Positioning of the second imaging optical system 5 in the main scanning direction is performed by bringing the two projections 8 of the second scanning imaging optical system 4 into contact with either one of the receiving pieces 9 and 10. That is, when the optical scanning device does not have the transparent member 5, the optical axis is a solid line as shown in FIG. 2, so that the protrusion 8 of the second scanning imaging optical system 4 is shown in FIG. Is positioned in contact with the receiving piece 9, that is, the second scanning imaging optical system 4 is positioned at the position shown by the solid line in FIG. Further, when the optical scanning device has the transparent member 5, the optical axis is a dotted line as shown in FIG. 2, so that the protrusion 8 of the second scanning imaging optical system 4 is provided as shown in FIG. Positioning is performed with the receiving piece 10 in contact with the receiving piece 10, that is, the second scanning imaging optical system 4 is positioned at a position as shown by a dotted line in FIG. As described above, the two projections 8 of the second scanning imaging optical system 4 receive the two pieces so as to cancel (erase) the amount of optical axis deviation in the main scanning direction caused by the presence or absence of the transparent member 5 in the optical scanning device. The second scanning imaging optical system 4 is positioned by being brought into contact with any one of 9 and 10.
[0007]
Next, a second embodiment of the present invention will be described with reference to FIGS. FIG. 5 is a diagram showing a main part of an optical scanning device according to the second embodiment of the present invention. In the second embodiment of the present invention, the same components as those in the first embodiment of the present invention are denoted by the same reference numerals. The second scanning imaging optical system 4 has ribs 11 at both ends. These ribs 11 are used for positioning the second imaging optical system 4 in the optical axis direction. In the box 7, two pairs of rib receiving pieces 12 and 13 are formed at predetermined intervals in the optical axis direction of the second imaging optical system 4. The rib 11 of the second scanning imaging optical system 4 is disposed between each pair of rib receiving pieces 12 and 13.
Each rib 11 of the second scanning imaging optical system 4 is brought into contact with one of the rib receiving pieces 12 and 13 so that the second scanning imaging optical system 4 is positioned. That is, when the optical scanning device does not have the transparent member 5, the optical axis is a dotted line as shown in FIG. 3, so that each rib 11 of the second scanning imaging optical system 4 is shown in FIG. Is positioned in contact with the rib receiving piece 13. Further, when the optical scanning device has the transparent member 5, the optical axis is a solid line as shown in FIG. 3, so that each rib 11 of the second scanning imaging optical system 4 is shown in FIG. Positioning is performed with the rib receiving piece 12 in contact with the rib receiving piece 12. In this way, each rib 11 of the second scanning imaging optical system 4 has the rib receiving piece 12 so as to cancel (erase) the floating amount in the optical axis direction of the optical image caused by the presence or absence of the transparent member 5 in the optical scanning device. , 13 is positioned so that the second scanning imaging optical system 4 is positioned.
[0008]
Next, a third embodiment of the present invention will be described with reference to FIGS. FIG. 6 is a diagram showing a main part of an optical scanning device according to the third embodiment of the present invention. In the third embodiment of the present invention, the same components as those in the first and second embodiments of the present invention are denoted by the same reference numerals.

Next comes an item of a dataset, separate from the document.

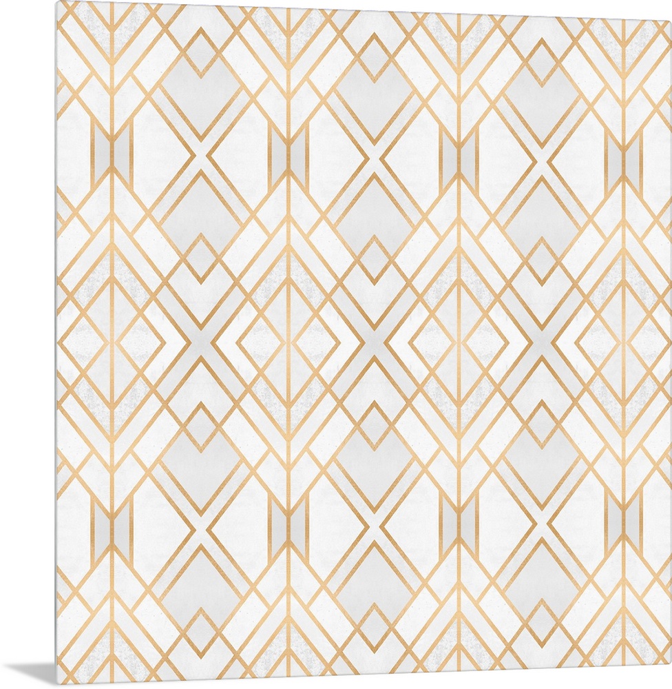 <p>A geometric, ikat-type design in shades of white and grey, outlined in gold lines.</p>

The third embodiment of the present invention is a combination of the first embodiment and the second embodiment of the present invention. The second scanning imaging optical system 4 has a protrusion 8 for positioning in the main scanning direction (perpendicular to the optical axis of the second imaging optical system 4). In the box 7, two receiving pieces 9, 10 are formed at a predetermined interval in the direction perpendicular to the optical axis of the second imaging optical system 4. The protrusion 8 of the second scanning imaging optical system 4 is disposed between the two receiving pieces 9 and 10. Positioning of the second imaging optical system 5 in the main scanning direction is performed by bringing the two projections 8 of the second scanning imaging optical system 4 into contact with either one of the receiving pieces 9 and 10.
Two protrusions 8 of the second scanning imaging optical system 4 receive the pieces 9, 10 so as to cancel (erase) the amount of floating of the light beam in the optical axis direction caused by the presence or absence of the transparent member 5 in the optical scanning device. The second scanning imaging optical system 4 is positioned by being brought into contact with any one of the above.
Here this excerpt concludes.